Gold Self‐Assembly on Copper Electrodes Promotes n‐Propanol Formation in Electrochemical CO <sub>2</sub> Reduction
Nikhil C. Bhoumik, Quinn A. Padovan, Tania Akter, David K. Stem, Christopher J. Barile
Abstract
Abstract The electrochemical CO 2 reduction reaction (CO 2 RR) offers a promising route to mitigate greenhouse gas emissions by converting CO 2 into valuable chemicals. Among multi‐carbon products, n‐propanol is particularly appealing due to its high energy density (~27 MJ/L) and broad industrial applications. However, achieving high selectivity for n‐propanol remains a formidable challenge, requiring catalysts capable of facilitating complex reaction pathways and avoiding competing side reactions. In this study, we present a Cu/Cys/Au catalyst architecture that is prepared through a self‐assembled monolayer (SAM) that significantly enhances the Faradaic efficiency for n‐propanol production.
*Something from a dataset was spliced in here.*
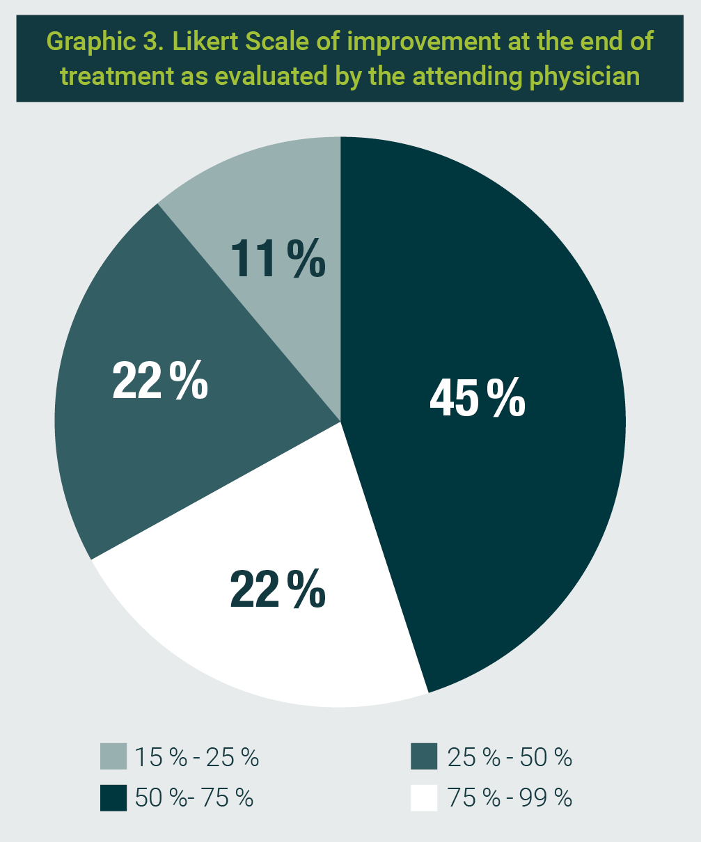 At the end of the treatment, the attending physicians also rated the outcome as positive, with an improvement greater than 15%. In 22% of cases, the result was rated as greater than 75% (Graphic 3).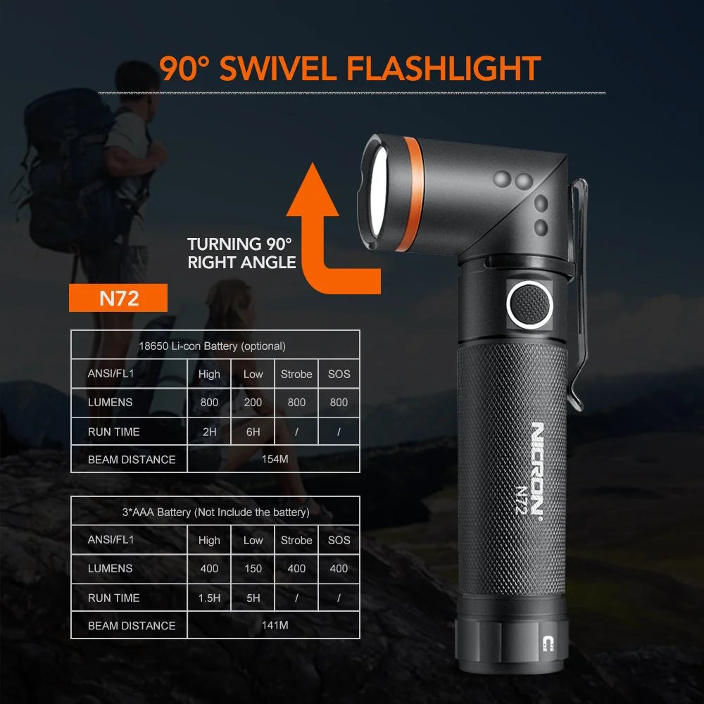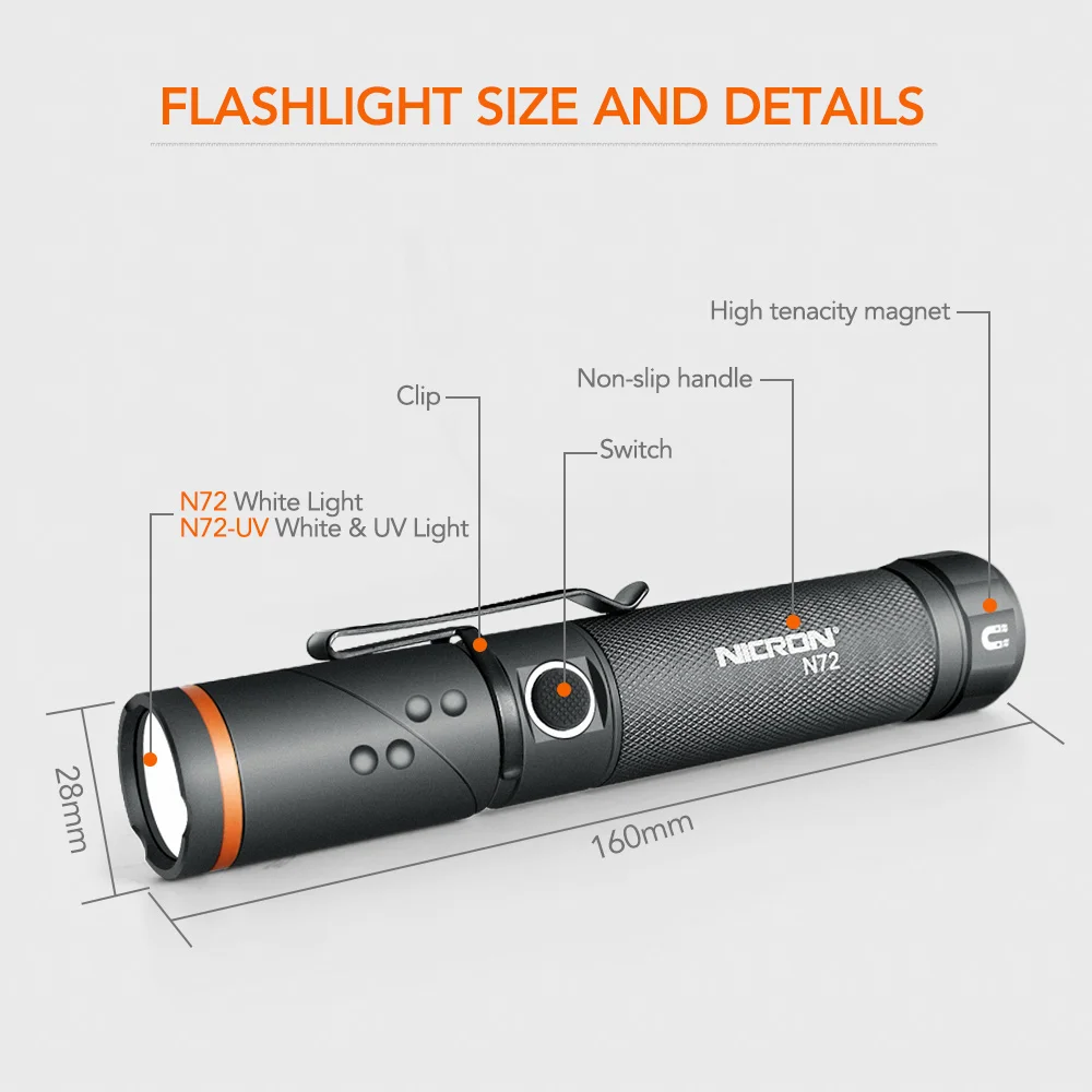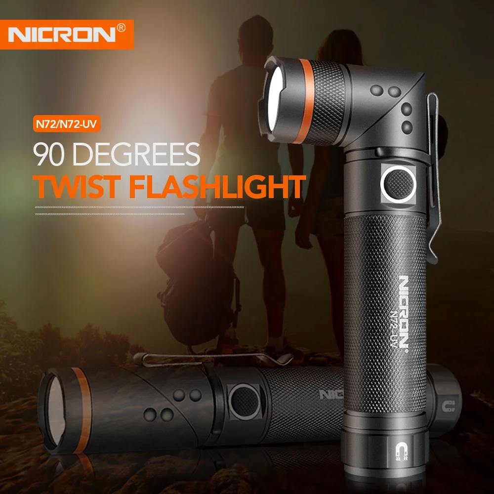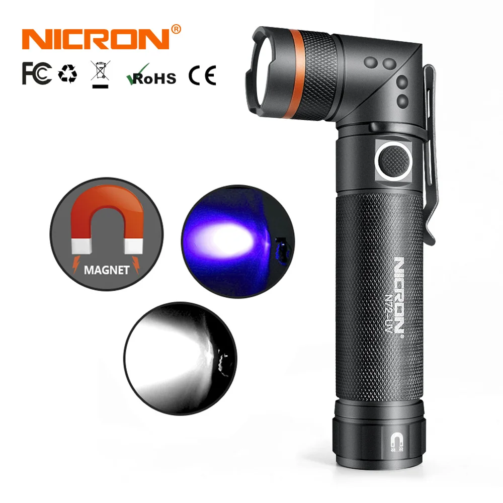 Светодиодный фонарик NICRON N72N72-UV, поворот на 90 градусов, водонепроницаемость IPX4, 800 люмен, БелыйУФ светильник, магнисветильник фонарь

Specifically, Cu substrates are modified with cysteamine SAMs to uniformly anchor a Au 3+ ‐dimercaptosuccinate complex, which enable uniform Au electrodeposition. The resulting Cu/Cys/Au electrode achieves a Faradaic efficiency of 29.1 % for n‐propanol at −1.2 V vs. RHE, representing a significant improvement over conventional Au−Cu electrocatalysts. Control studies reveal the necessity of both Au and Cu for selective n‐propanol formation, while mixed SAMs with varying cysteamine and propanethiol ratios allow for precise tuning of Au coverage on Cu. These findings underscore the potential of SAM‐based strategies for precise surface engineering, offering a pathway for selective CO 2 RR electrocatalysts.